Record-low 2016 Antarctic sea ice due to 'perfect storm' of tropical, polar conditions
A dramatic drop in Antarctic sea ice almost a year ago, during the Southern Hemisphere spring, brought its maximum area down to its lowest level in 40 years of record keeping. Ocean temperatures were also unusually warm.
This exceptional, sudden nosedive in Antarctica differs from the long-term decline in the Northern Hemisphere. A new University of Washington study shows that the lack of Antarctic sea ice in 2016 was in part due to a unique one-two punch from atmospheric conditions both in the tropical Pacific Ocean and around the South Pole.
The study was published Aug. 24 in Geophysical Research Letters.
“This combination of factors, all these things coming together in a single year, was basically the 'perfect storm,' for Antarctic sea ice,” said corresponding author Malte Stuecker, a UW postdoctoral researcher in atmospheric sciences. “While we expect a slow decline in the future from global warming, we don't expect such a rapid decline in a single year to happen very often.”
The area of sea ice around Antarctica at its peak in late 2016 was 2 million square kilometers (about 800,000 square miles) less than the average from the satellite record. Statistically, this is three standard deviations away from the average — an event that would be expected to occur randomly just once every 300 years.

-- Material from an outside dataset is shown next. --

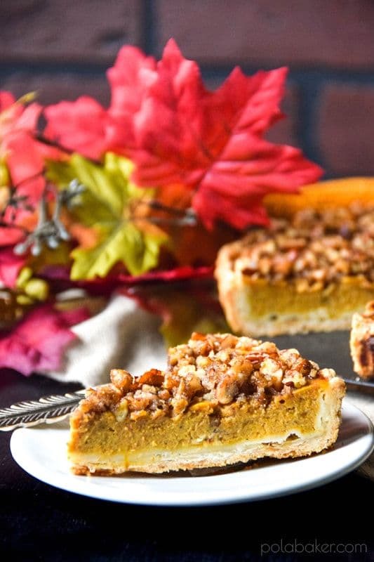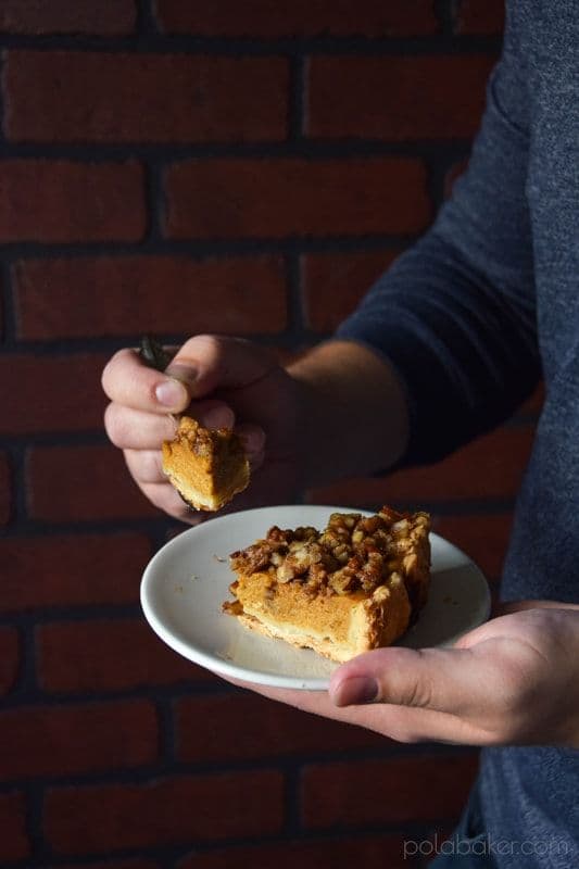 Smooth, perfectly spiced, almost mousse-like filling encased in a flaky buttery crust and topped with crispy and fragrant pecan praline.

The record low was not predicted by climate scientists, so UW researchers looked at the bigger picture in ocean and atmospheric data to explain why it happened.
The previous year, 2015-16, had a very strong El Niño in the tropical Pacific Ocean. Nicknamed the “Godzilla El Nino,” the event was similar to other monster El Niños in 1982-83 and 1997-98. Unlike the 1997-98 event, however, it was only followed by a relatively weak La Niña in 2016.

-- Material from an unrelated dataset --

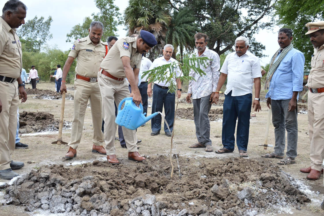 గీతంలో మొక్కలు నాటిన డీఎస్పీ, సీఐ

Far away from the tropics, the tropical El Niño pattern creates a series of high- and low-pressure zones that cause unusually warm ocean temperatures in Antarctica's eastern Ross, Amundsen and Bellingshausen seas. But in 2016, when no strong La Niña materialized, researchers found that these unusually warm surface pools lingered longer than usual and affected freeze-up of seawater the following season.
“I've spent many years working on tropical climate and El Niño, and it amazes me to see its far-reaching impacts,” Stuecker said.
Meanwhile, observations show that the winds circling Antarctica were unusually weak in 2016, meaning they did not push sea ice away from the Antarctic coast to make room for the formation of new ice. This affected ice formation around much of the Southern Ocean.
“This was a really rare combination of events, something that we have never seen before in the observations,” Stuecker said.
The researchers analyzed 13,000 years of climate model simulations to study how these unique conditions would affect the sea ice. Taken together, the El Niño pattern and Southern Ocean winds explain about two-thirds of the 2016 decline. The rest may be due to unusually big storms, which a previous paper suggested had broken up ice floes.
Scientists predict Antarctica's ocean will be one of the last places on Earth to experience global warming. Eventually the Southern Ocean's surface will begin to warm, however, and then sea ice there will begin its more long-term decline.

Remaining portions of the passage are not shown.